They said it was written *By new Scientist staff and Press Association*. Maybe it was written by a student.


----------



## 2DaveWixon (Apr 24, 2017)

Alexa said:


> They said it was written *By new Scientist staff and Press Association*. Maybe it was written by a student.


Well, maybe the story had to be carved in stone?


----------



## Alexa (Apr 24, 2017)

A story carved in stone about a carved stone ?


----------



## Alexa (Apr 24, 2017)

All right. I found another article about the same subject, but much more interesting and professional. Brian, let us know if you are still skeptical.



> Using a computer programme to show where the constellations would have appeared above Turkey thousands of years ago, they were able to pinpoint the comet strike to 10,950BC, the exact time the Younger Dryas begins according to ice core data from Greenland.
> 
> The Younger Dryas is viewed as a crucial period for humanity, as it roughly coincides with the emergence of agriculture and the first Neolithic civilisations.










> "It appears Göbekli Tepe was, among other things, an observatory for monitoring the night sky.
> 
> “One of its pillars seems to have served as a memorial to this devastating event – probably the worst day in history since the end of the ice age.”
> 
> Gobekli Tepe, is thought to be the world's oldest temple site, which dates from around 9,000BC, predating Stonehenge by around 6,000 years.



Ancient stone carvings confirm how comet struck Earth in 10,950BC, sparking the rise of civilisations


----------



## Brian G Turner (Apr 24, 2017)

> Gobekli Tepe, is thought to be the world's oldest temple site, which dates from around 9,000BC



This is what I mean - the dates are all wrong. The press keep reporting that a temple - not started until 9,000BC - happens to accurately record an asteroid strike that happened 2,000 years before it was even built.


----------



## Dave (Apr 24, 2017)

Brian G Turner said:


> This is what I mean - the dates are all wrong. The press keep reporting that a temple - not started until 9,000BC - happens to accurately record an asteroid strike that happened 2,000 years before it was even built.


Brian has a point. Passing down folk stories between generations by word of mouth is one thing. Remembering accurately, the exact positions in the night sky, of stars for 2000 years, before recording them carved on stone is another. 

Unless, it was accurately transcribed from an earlier stone in an earlier temple.


----------



## Brian G Turner (Apr 24, 2017)

This piece continues to bother me, so I dug deeper - the original research paper can be found here:
http://maajournal.com/Issues/2017/Vol17-1/Sweatman and Tsikritsis 17(1).pdf

What it basically says is that someone looked to see if they could get images of animals on a specific stone to match constellations using a piece of software.
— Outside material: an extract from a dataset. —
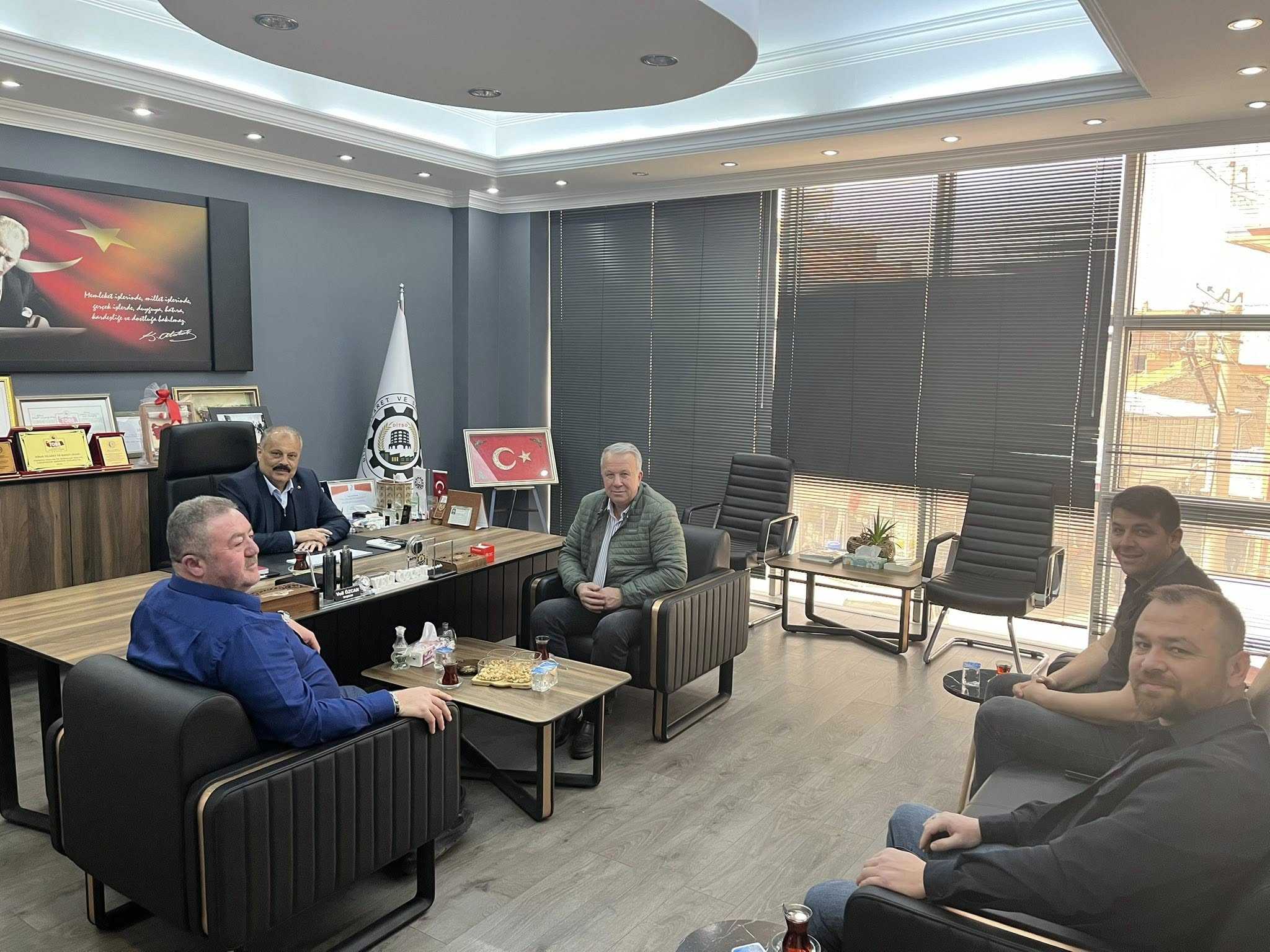 Yönetim Kurulu Başkanımız Veli Özcan ve Yönetim Kurulu Üyemiz Mücahit Uğur, Afyonkarahisar Ticaret Borsası Meclis Başkanı Ali Rıza Gürakar ve beraberindeki heyeti Odamızda ağırladı

They did get a fit, but only for 4 specific dates:

2,000 AD – Winter solstice
4,350 BC – Autumnal equinox
10,950 BC – Summer solstice
18,000 BC – Spring equinox

They then checked to see whether any related to dating of the stone.

But here's the strange part - someone previously radiocarbon dated the stone to around 11,000 BC. But the last I heard, stone cannot be radiocarbon-dated because ... it's stone. You can only do this with organic matter, because that contains the carbon matter for dating.

So the researcher decided on the 10,950 BC date to match the radiocarbon dating - even though this means the structure would pre-date the settlement by 2,000 years.

In fact, the research paper itself mentions almost nothing about the actual archaeology or dating on the site.

But the researcher has heard of the comet theory for wiping out the mammoths, so immediately connected both dates. That's what the paper states.

The rest of the stone markings remain unexplained, but there is a circle - which is now presumed to be the comet to fit this date.

Which now becomes a "fragmented asteroid" that wiped out the mammoths. The irony being, the Telegraph article in an earlier post points out that the theory that a comet wiped out the mammoths is no longer accepted.

IMO this study is based on flawed assumptions from start to finish, resulting in a grand statement that just isn't supported by the actual evidence.


----------



## Ursa major (Apr 24, 2017)

Alexa said:


> I found another article about the same subject, but much more interesting and professional.


It states:





> One of its pillars seems to have served as a memorial to this devastating event


The most relevant word in that sentence fragment is "seems" which, in the absence of any other evidence, means that we're dealing with pure speculation and so the story can be dismissed as lacking any scientific basis. And that's without all the other evidence that this is a load of old nonsense.


----------



## Alexa (Apr 24, 2017)

Brian, as I can see this article, we are dealing with a hypothesis of catastrophic event.They still have to finish the digging to try to prove anything. And honestly, if they have only stones on hand, no matter how old they are, all they can do is to speculate about a subject.



> Much more archaeology waits to be performed at Göbekli Tepe and neighbouring sites like Karahan Tepe. It will be very interesting to see how the additional evidence from these sites accumulates. Meanwhile, it seems prudent to take coherent catastrophism seriously.


(page 13/18 from Sweatman and Tsikritsis)

Ursa, Brian found the original document which looks to be the source of inspiration for both articles mentionned above.


----------



## 2DaveWixon (Apr 24, 2017)

Alexa said:


> A story carved in stone about a carved stone ?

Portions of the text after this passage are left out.